The trainer is responsible for producing an updated policy model given rollouts and advantages. We use FSDP2 as the backend with compatibility for any HuggingFace (HF) model. For some models we also provide custom implementations, mostly for performance reasons. FSDP shards model parameters, gradients, and optimizer states, allowing training large models with data parallelism and minimal GPU memory footprint. We support a variety of popular training objectives, such as GRPO, GSPO, OPO, RLOO and [CISPO](https://arxiv.org/abs/2506.13585). The trainer is inspired by [`torchtitan`](https://github.com/pytorch/torchtitan) and relies on native PyTorch features to implement advanced parallelism techniques, such as tensor, context or expert parallelism.

### Inference

The inference service in its simplest form is a standard OpenAI-compatible server with a vLLM backend. The API specification is extended with a custom `update_weights` endpoint to reload model weights from a HF-compatible checkpoint on disk. Otherwise, we rely on vLLM's optimized kernels, parallelism strategies, and scheduling for fast rollout generation. Given the disaggregated nature of the service architecture, it can be directly extended to include multiple engines with a shared request pool, allowing operation across multiple clusters and straightforward integration of alternative inference engines (e.g. SGLang, Tokasaurus). We also heavily rely on native data parallelism in vLLM (also available in SGLang) for orchestrating the fleet of nodes dedicated to inference.

### RL

For doing RL training all components need to be started. One can do this manually:

```bash theme={null}
uv run inference ...
```

```bash theme={null}
uv run orchestrator ...
```

```bash theme={null}
uv run trainer ...
```

Or, alternatively on a single node, use the `rl` entrypoint to start all components.

```bash theme={null}
uv run rl \
    --trainer @ path/to/train.toml \
    --orchestrator @ path/to/orch.toml \
    --inference @ path/to/infer.toml \
    ...
```

For more details on multi-node deployment options, see the [deployment](/prime-rl/deployment) documentation and see the [examples](examples) for concrete training configurations. To see all available configuration options, run `uv run rl --help`.

## SFT

We provide a fairly straight-forward SFT trainer which is capable of fine-tuning any conversational model on multi-turn conversation with tool calling. It shares a lot of components with the RL trainer, such as the modeling code, parallelism techniques, checkpoint format, logger, etc. which ensures a seamless post-training workflow.

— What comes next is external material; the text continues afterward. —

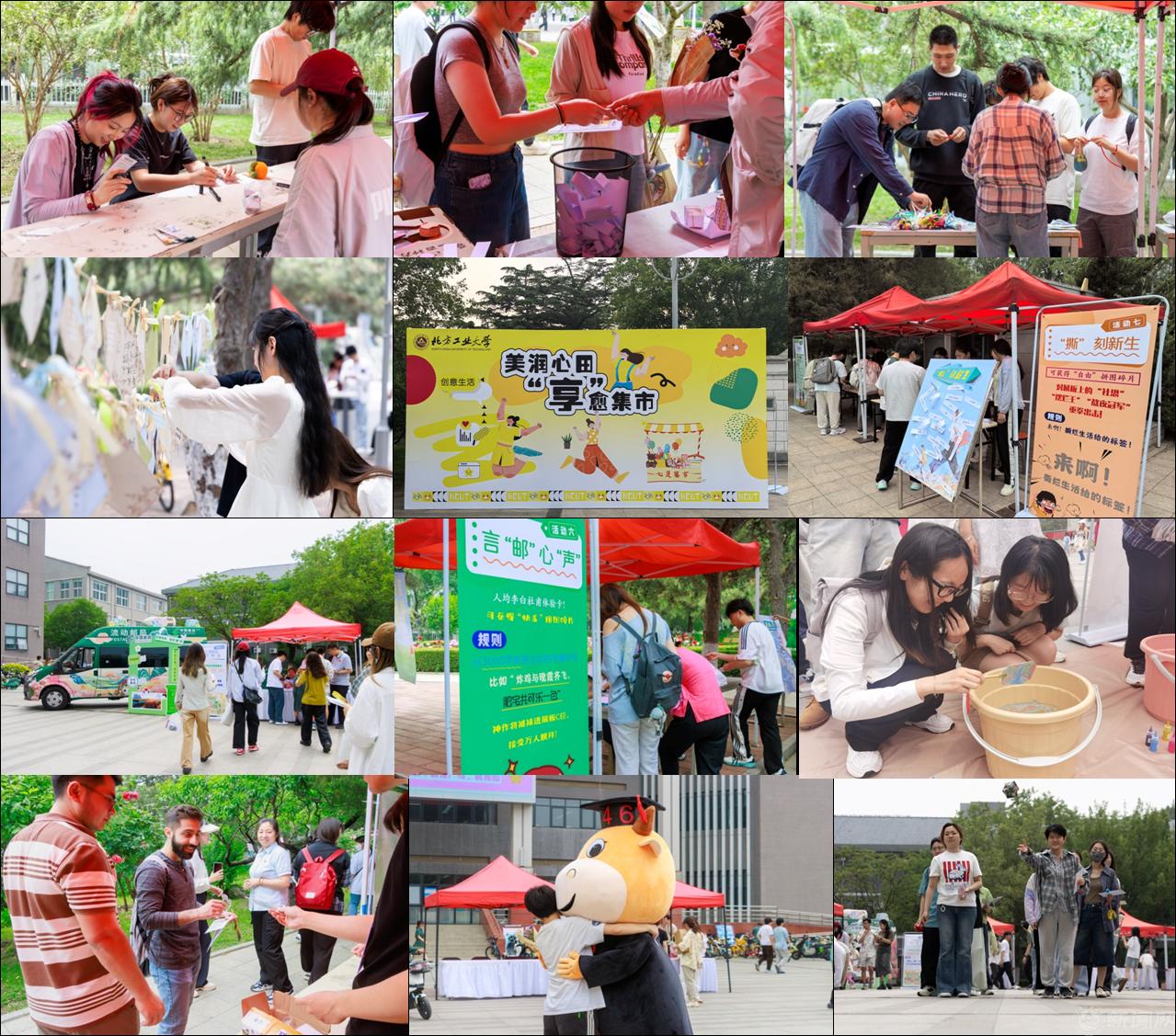 2025年5月21日中午,心理健康季主题室外活动在毓秀广场和毓秀园举行。活动由学工部和校团委联合主办、学生会承办,以“美润心田 ‘享’愈集市”为主题,通过创意体验项目,帮助学生放松身心、疏解情绪、积极成长,吸引了2000余名师生参加。

To start an SFT training, you need to prepare a conversational dataset in either [prompt-completion format](https://huggingface.co/docs/trl/en/dataset_formats#prompt-completion) or raw `messages` format. If `messages` is provided, the trainer interprets the full conversation as a single sample with an empty prompt and applies role-based loss masking across the whole chat. If both `messages` and `prompt` / `completion` are present, `messages` takes precedence. Single-turn fine-tuning should be compatible with the chat templates of most models. However, to properly handle loss masking, we require that the tokenizer's chat template satisfies a prefix property: the tokenization of any conversation prefix must be a prefix of the tokenization of the full conversation. For instance, tokenizing message 1 should yield a token sequence that forms a prefix of tokenizing messages 1 and 2, which in turn should be a prefix of tokenizing messages 1, 2, 3, and so forth. An example of a chat template that *does not* satisfy this property is Qwen3's chat template, as it strips away past think sections.

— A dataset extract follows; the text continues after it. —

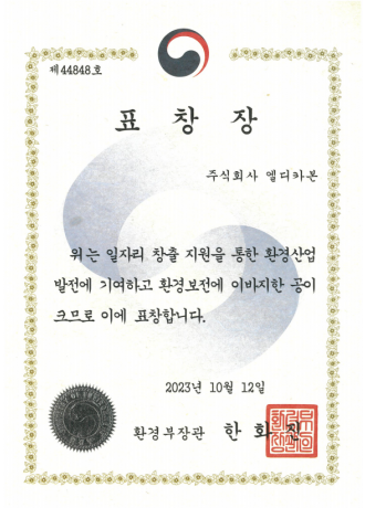 친환경 기술진흥 및 소비촉진 유공 환경부 장관 표창

On a single GPU, start the training with the `sft` entrypoint

```bash theme={null}
uv run sft ...
```

If you have access to multiple GPUs, use [`torchrun`](https://docs.pytorch.org/docs/stable/elastic/run.html) with `--nproc-per-node` to start the training.

```bash theme={null}
uv run torchrun --nproc-per-node 8 src/prime_rl/trainer/sft/train.py ...
```

For more details on multi-node deployment options, see the [deployment](/prime-rl/deployment) documentation and see the [examples](examples) for concrete training configurations. To see all available configuration options, run `uv run sft --help`.